Shipping companies are warning that a possible strike at the U.S. East and Gulf Coast ports would have a major impact on the nation’s economy, business news outlet CNBC reports.

"Cargo will have to be redirected to other ports on the east coast or even via west coast by train,” said Gerry Wang, CEO of Seaspan Corporation [NYSE: SSW]

“If the strike is perceived long term, the shipping lines will change their service routes to avoid the port call."

Robert Kunkel, president of Alternative Marine Technologies and technical adviser for Mid Ocean Tanker Company and Alternative Capital Partners, said the ports, particularly those in New York and New Jersey, handle much of the goods imported from Europe and South America.
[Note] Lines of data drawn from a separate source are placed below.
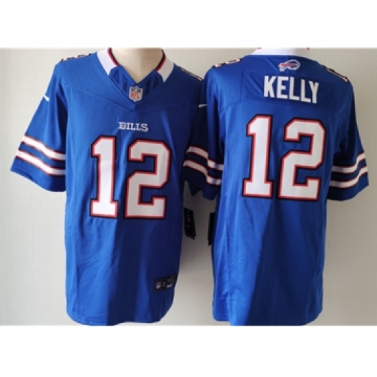 >Men's Nike Buffalo Bills #12 Jim Kelly Blue 2023 F.U.S.E. Vapor Untouchable Limited Football Stitched Jersey
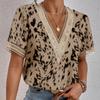 Summer V-neck Lace Loose Print Women's Blouse Tops Stylish Office Lady Short Sleeve Shirt Women Vintage Elegant Casual Blouses Female Clothing 24308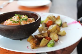 We have arrived at 12:30, we drinked a great white wine Brut with a great baby beef and a garlic shrimp, unbelievable good! For desert we had a prisco limon pie and a kind of wine marshmallow...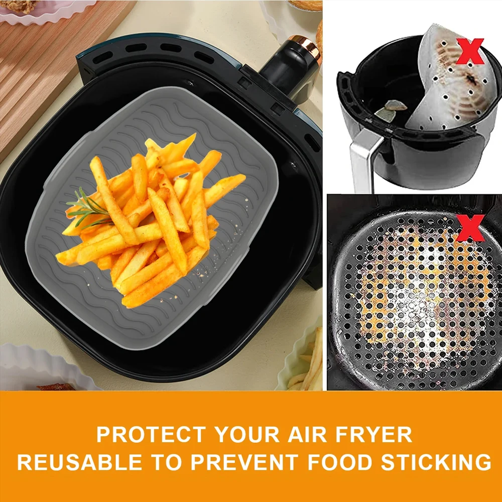 - 【Easy to Clean & Dishwasher Safe】Our upgraded air fryer silicone liners are dishwasher safe and easy to clean. Unique pattern design makes residue oil easily flow out when cleaning. Soft & flexible silicone make cleaning job easy.Say goodbye to cleaning headaches and enjoy long-lasting durability.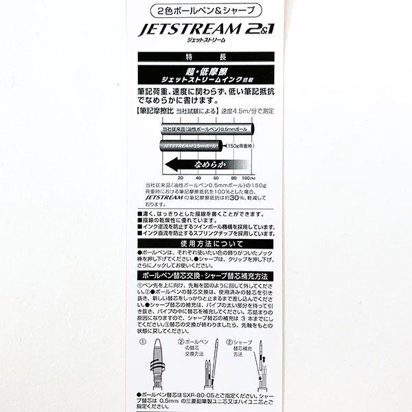二色のジェットストリームです。色は赤と黒で、太さは0.5cmと一般的な使いやすい太さです。中央部分にはミッフィーの可愛いイラストが♪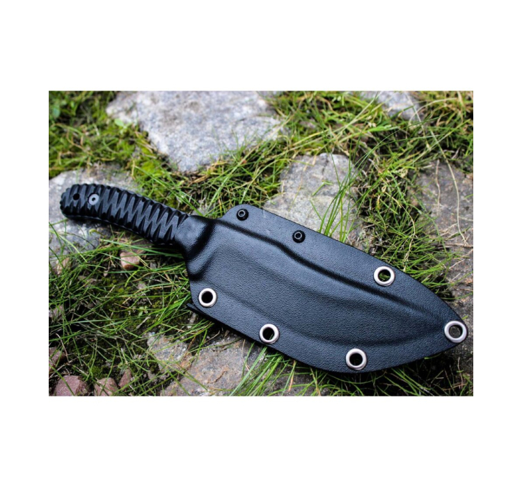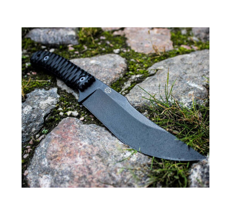 Ключові характеристики: 24,3 см загальної довжини та 100 мм довжини рукояті для зручного хвата та простоти керування. Чорний колір клинка та рукояті підкреслює його бойовий стиль. Клинок із марки вуглецевої сталі заточений прямою заточкою, надаючи вам гостроту та надійність за будь-яких обставин. Збільшена товщина в 5 мм гарантує високу стійкість проти навантажень та зносу. Форма клинка drop-point забезпечує зручність при різанні та проникненні.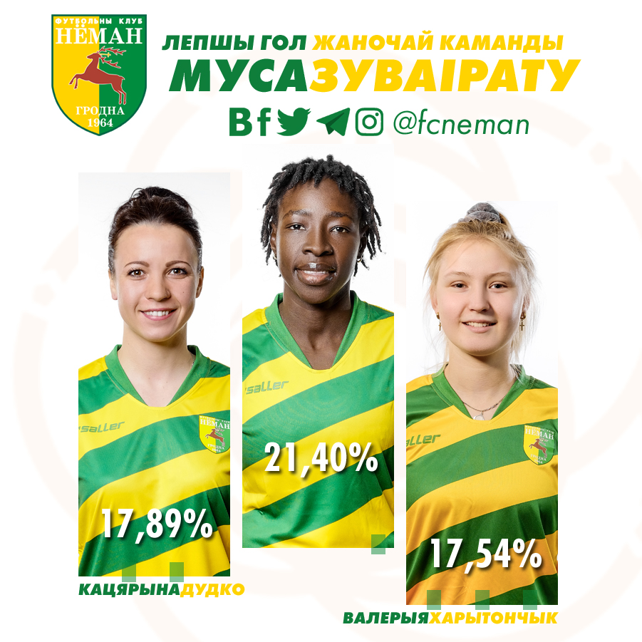 По итогам голосования лучшим голом женской команды в сезоне 2020 года признан гол в исполнении Муссы Зуваирату, который принёс важные три очка в борьбе за бронзу в матче с минской «Зоркай-БДУ» (21,40%).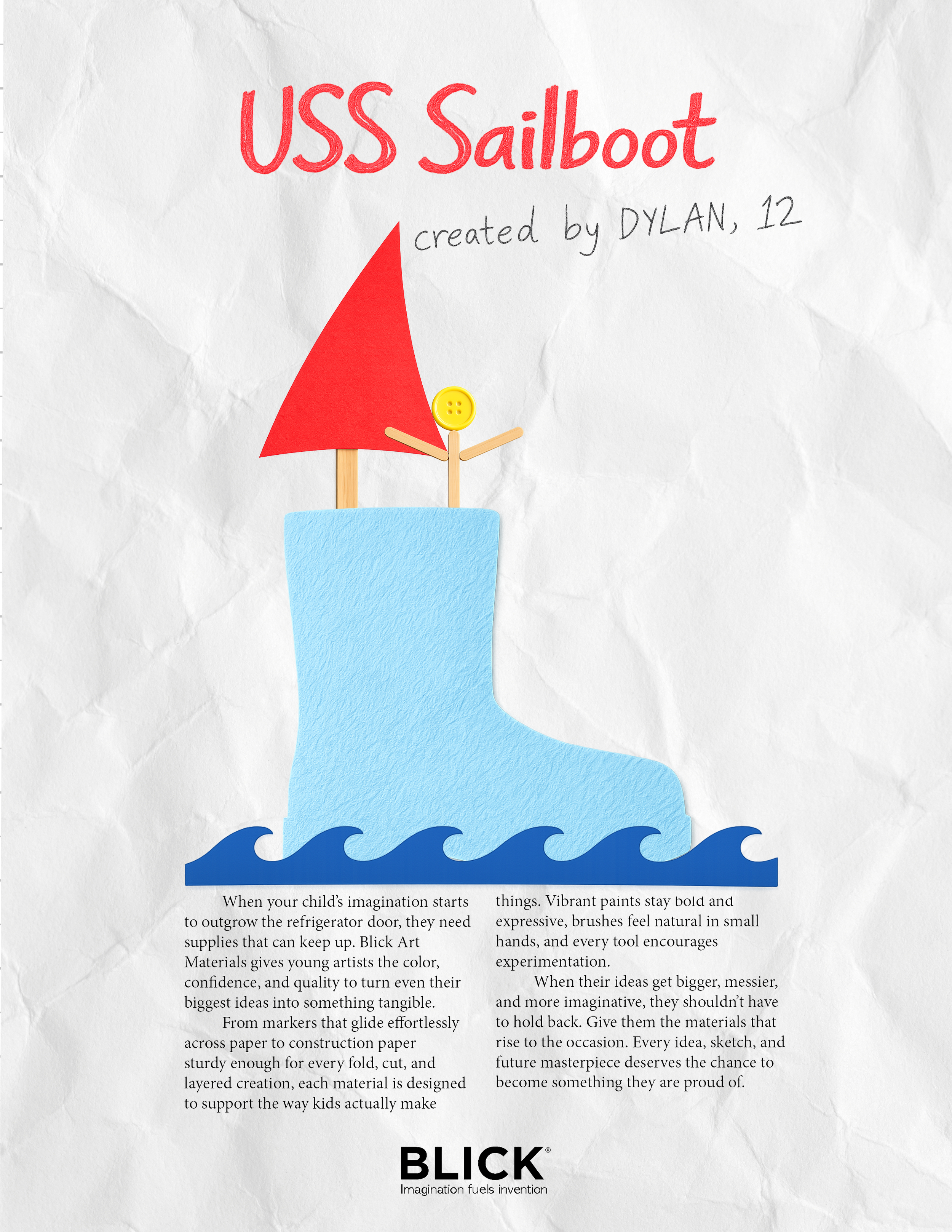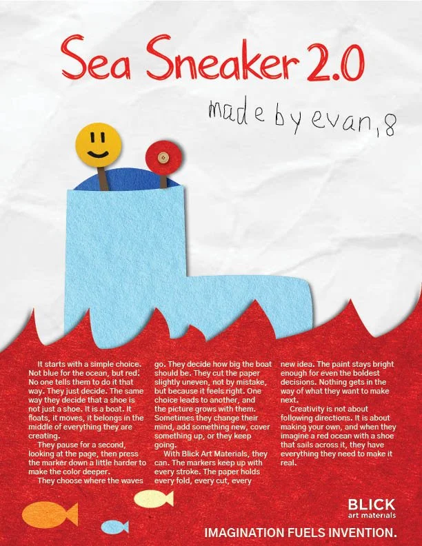 This Blick Art Materials campaign targets parents of children ages 5–12 who value creativity as an essential part of their child’s growth, positioning Blick as the trusted partner in turning imaginative ideas into real creations. Centered on the insight that every invention starts as a child’s once “wild” idea, the concept celebrates playful, kid-like creativity while reinforcing Blick’s credibility and quality.

“In 2011, the New York-New Jersey ports handled $208 billion in cargo- the most on the East Coast,” he said.

Jonathan Gold, vice president for supply chain and customs policy for the National Retail Federation, said the affect on retailers would be significant, both because of delays and due to charges levied by shipping companies.

“The ocean carriers will charge a $1,000 congestion fee per container for every day they are at sea,” he said.

“This extra charge will hit their bottom line.”

Talks between the International Longshoremen's Association (ILA) and the United States Maritime Alliance (USMX) broke down Tuesday, and no new talks are scheduled.

Retail industry leaders are calling on U.S. President Barack Obama to step in to prevent 14,500 workers at the 15 ports from walking off the job on December 30, 2012.